Issues in Data Mining under several different storage formats)

Source: Internet
Author: User

In principle, data mining can be applied to knowledge mining in any information storage mode. However, the challenges and technologies of data mining vary with the Storage types of source data. In particular, recent studies show that Data Mining involves more and more data storage types, in addition to some common value models, architectures, and other research, we have also carried out some research on mining technologies or algorithms for complex or new data storage methods. This section describes some data mining issues in the main data storage types.

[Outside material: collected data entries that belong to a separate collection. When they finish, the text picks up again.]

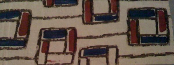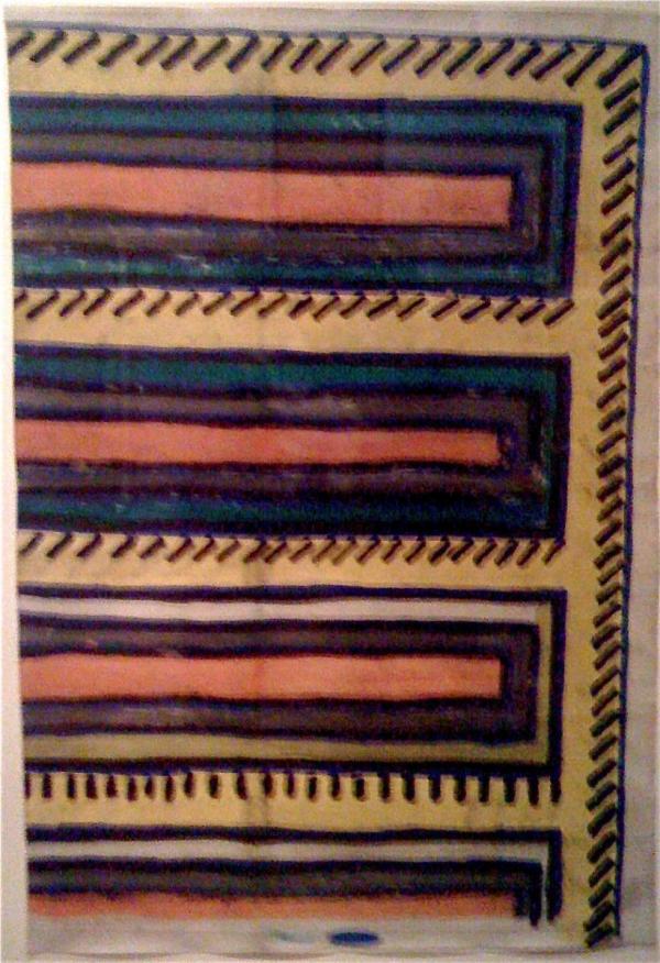 which was, for them, both a geometric structure in which to play, and a constraint on the expressionist gesture. The African-influenced carpet design at right was created by Duncan Grant for the Ideal Home Exhibition held at Olympia in 1913. It shows only one-fourth of the whole pattern (on the same principle discussed in my blog post Game of Two Halves, it was replicated for each corner of the final carpet). For the manufacturer of the carpet, it presented an obvious problem: how do you weave a textile that has the brushy quality of the black lines and hatch-marks in the drawing, which give it so much life and energy? The ingenious answer arrived at by Grant in conjuncton with the weavers at the Royal Wilton Carpet Factory (who probably made the carpet) is visible in the details below of the drawing and the finshed rug. As you can see, the draftsmanship of the sketch is conveyed in the textile through a series of ‘steps’ in each black woven line. As Fry wrote of the (unidentified) weaver, ‘he has taken a theme of almost daring simplicity, but not relying only on the broken quality of the knotted surface of the rug, he has deliberately broken his rectilinear by small steps up and down; he has also made his shading sometimes perpendicular and sometimes diagonal.’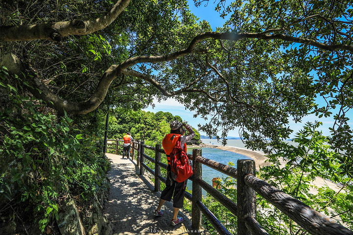 走在横山岛的沿海栈道上,清澈的海水,碧蓝的天空,海天相接,细软的沙滩,鲜有人来,这里仿佛与世隔绝,美丽的景致仿佛找到了人间仙境。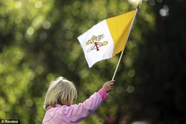 Hovering above a police helicopter kept watch. Children took to their parents' shoulders, with one youngster saying: 'Mummy, mummy, I see him, I see the Pope!'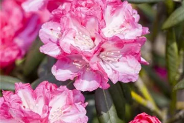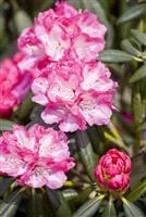 Der Rhododendron 'Rexima' (Rhododendron rex) bringt von Ende April bis Mitte Mai ein wahres Meer aus weiß-rosafarbenen Blüten hervor. Auch das immergrüne, dunkelgrüne Laub des Rhododendrons 'Rexima' ist sehr dekorativ. Dieses breit, rundlich wachsende Gehölz erreicht gewöhnlich eine Höhe von 70 - 90 cm und eine Breite von 1 bis 1,4 m. Ein halbschattiger (bis schattiger) Standort und ein humoser, kalkfreier Boden schaffen optimale Bedingungen für ein gesundes Wachstum. Der Rhododendron 'Rexima' ist gut frostverträglich.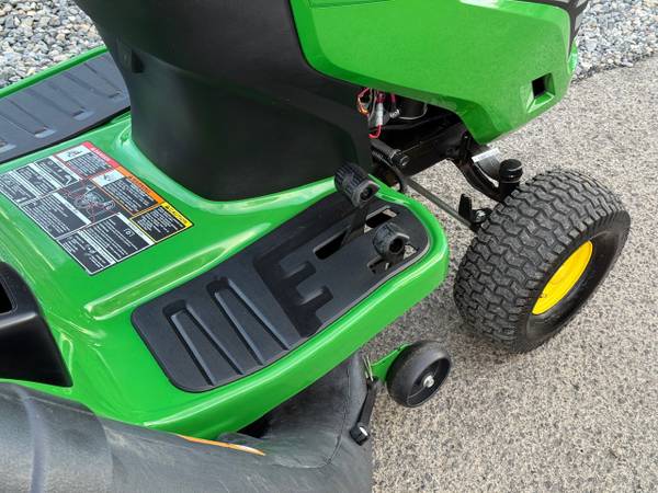 It is fully serviced and ready to cut your lawn. It has the John Deere Briggs and Stratton 17.5HP engine in it. Break in procedure is complete and just got a complete tune and service on it for new mowing season. New spark plug, front and rear tires in like new shape and all hold air great. Tires still have nubs on them. Mow deck is in excellent condition and is in like new shape. Setup with brand new John Deere bagging system and bagging blades. Deck Spindles are fully greased up as well as all moving components lubed up and ready to operate. It is fully automatic hydrostatic transmission that is foot operated with twin pedals. Very nice clear headlights, both bulbs work. Non ethanol clear premium gasoline is used in it so if you want it to run like a top then only use that. New fuel filter. Fresh Oil and new oil filter. New air filter. Deluxe seat, comfortable and adjustable. Has nice storage compartment that closes with a lid. Also has a cup holder. Fuel level gauge. New battery. Comes with main and spare keys.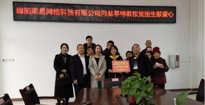 3月22日上午10時,鹽亭創(chuàng)業(yè)孵化中心陳國攜入孵企業(yè)綿陽市榮易網(wǎng)絡(luò)科技有限公司經(jīng)理朱曉一行到縣特殊教育學(xué)校關(guān)愛慰問貧困學(xué)生,并送去愛心慰問款壹萬元。

A transaction database collects transaction data. In 1993, when Agrawal began to discuss data mining issues, market basket analysis was used as the background for commercial applications. At this time, the database to be mined is the product record that the customer puts into the shopping basket. The goal of the database is to discover the association between the customer's purchased products to guide the business decision-making. For this reason, some people translate the transactional database into a transaction database. It seems that this understanding has its own limitations. In fact, the mining of transactional databases has not only been directly applied to commercial activities such as procurement, sales, and market research, but also has become a general framework for solving the problem. For example, we can organize users' access to a database or website into a transactional database. Therefore, the transactional database here refers to a broader category. Discovering knowledge from the transaction database is an issue that has been studied earlier but is still very active in data mining. By using specific technologies to mine transaction databases, you can obtain knowledge modes such as association rules, classification, clustering, and Prediction of dynamic behaviors.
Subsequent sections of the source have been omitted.